I can't find a link to the paper, only a press release (https://www.eurekalert.org/pub_releases/2018-05/aru-nom05011...), but the article mentions that out of 27 women interviewed, "some female employees felt like the new office space promoted equality, others had the opposite reaction... multiple women told them that “there isn’t anywhere that you don’t feel watched”... [and] one woman who was going through menopause... felt like she couldn’t have a fan on her desk to help with hot flashes because everyone would have noticed". I would caution against going straight from some women see open-plan offices as empowering and others see them as sexist to open-plan offices are sexist as the article has done.

New headline:

"Some people find open-plan offices really really uncomfortable. Why are you doing that to your employees?"

Here's my answer to that headline question, by the way: because the perceived savings on rent exceed the perceived loss of productivity.

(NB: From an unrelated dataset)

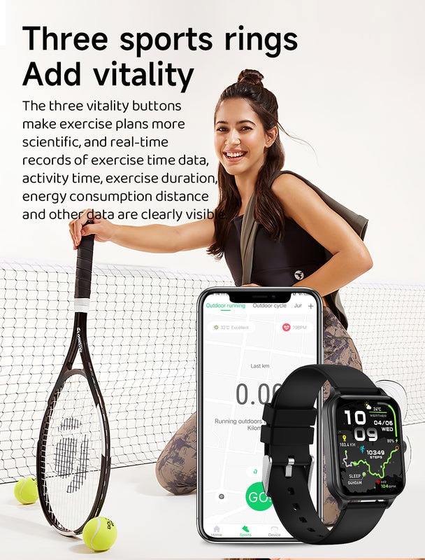 This smart watch supports fitness and sleep monitoring to help you better understand your daily movement and rest patterns. With an IP67 waterproof rating, it is protected against splashes, sweat, and light water exposure, making it suitable for everyday use. Powered by a JL7012F5 chipset and compatible with the DaFit app, it allows you to sync activity data directly to your smartphone for easy tracking and review.

Whether that perception is true is quite arguable, and the article provides evidence for increased costs in loss of productivity. I assure you, unhappy employees are less productive.

I agree with your second point, but you would need to change the substantive content of the article as well. As written, it currently presents both issue and cause as sexism, finishing with (in the last paragraph) "Perhaps it’s no coincidence that all the designers of the workspace were men".
To me it seems like open offices are worse for everybody. For different people they are worse in different ways.